Now two decades later, at 42 years old, he works DJ sets all over Grand Rapids.
But if all the world’s a stage, being a DJ is not his final act.
“There can be pressure there to perform to, to deliver for other people that are depending on you," he said.
By night, he's flipping beats. By day, he's flipping burgers — as Mr. Burger the second.
“I entered the equation in 1981 when I was born, and that's actually when the second Mr. Burger was open. And now we have seven," he said.
Andrew’s parents immigrated from Greece after World War II. His mom was on a student visa and his dad borrowed money for the boat ride. The two fell in love and opened the beloved burger chain.
“Given their work ethic, I don't see how it could fail," said Andrew.
In their 80s now, it was time for them to pass the patties, even though Andrew believes they'll never fully retire. Now, him and his brother, Jimmy, are running the show.
“That's pretty big role to fill," he said.
It's a big role that he never auditioned for.
“When I was younger, it was just kind of like, 'oh, yeah, whatever.' Now, as I get older, it's like, I'm really appreciative that others have been so supportive and appreciative of that restaurant over the years.”
To know so many people care about his livelihood, can be an added burden.
“It can be pressure," he said. "It can also be reaffirming that you're doing something worthwhile and people are responding that they're appreciative."
Andrew was always meant to step up to the grill. His childhood was spent in a Mr.
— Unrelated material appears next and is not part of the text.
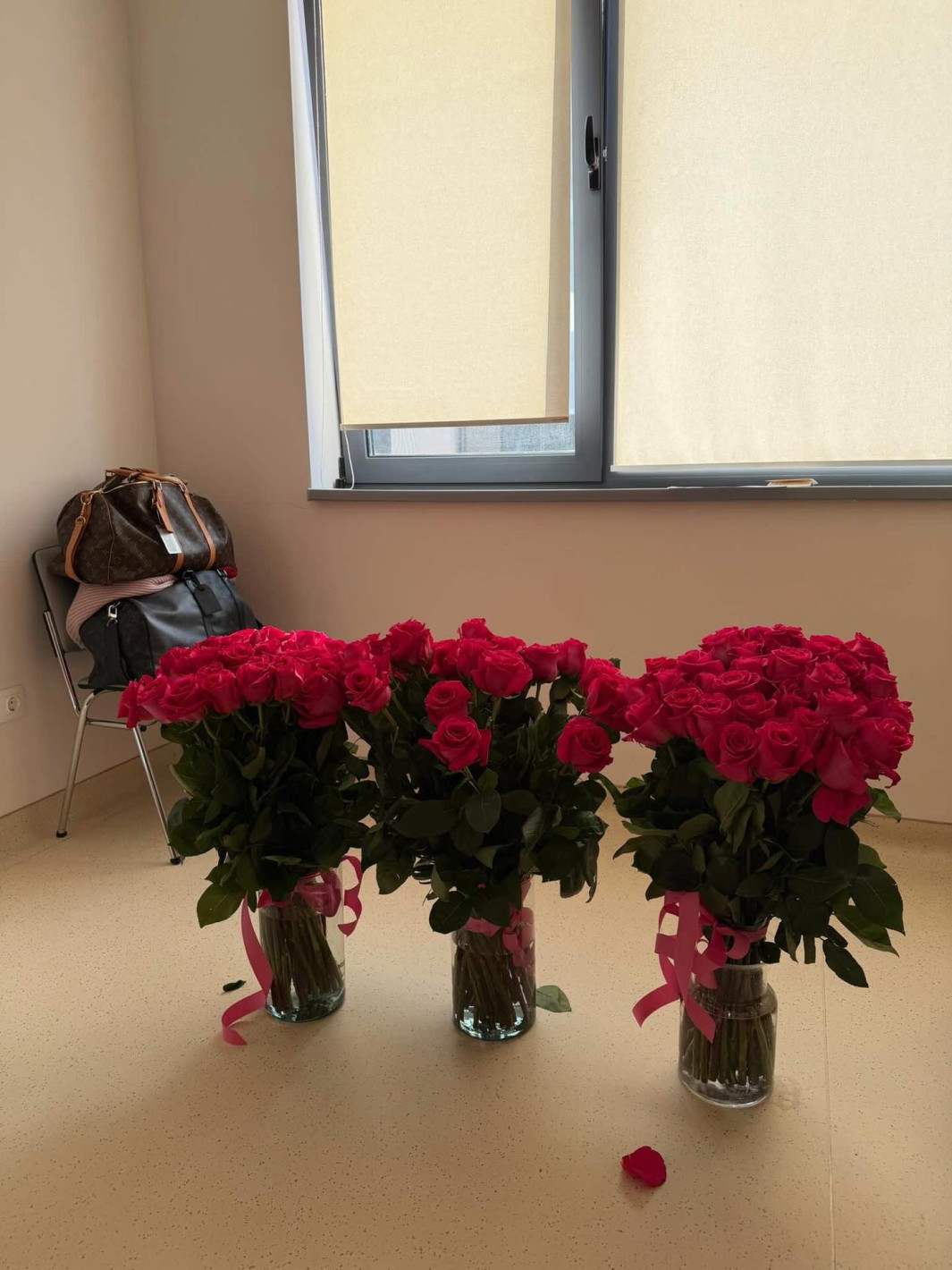 Разбира се, после се появи и снимка на бебето, което е със закрито личице, а двамата му батковци го гледат през прозореца, за да го опознаят добре. Залпът от снимки завърши с червените рози, с които Ивайло Батинков е напълнил стаята на жена си в клиниката и на самата нея – може да е родила, но е порядъчно гримирана и оправена за фотосесиите.

Burger dining room.
"Since I was always here, I'd become friends with like customers kids," he said. “I think the Lake Michigan Drive store or still has a couple of tennis rackets and baseball bats with some tennis balls back from when I was younger.”
“It was like a second home."
The restaurants look nearly the same as all those years ago.
“When people come to Mr. Burger, they're not worried about dressing up, they're not worried about breaking the bank, they're not worried about their kids crying or spilling something. It's like a family restaurant. That's a cool space to occupy.”
Despite the years and rising costs, their menu is nearly identical, too.
“We cut our own tomatoes in the back, we cut our own onions, we do a lot of basics that I think others may have taken shortcuts on," said Andrew.
The burger prince is soon to take the throne as Burger King.
“It’s just engrained in who I am," he smiled.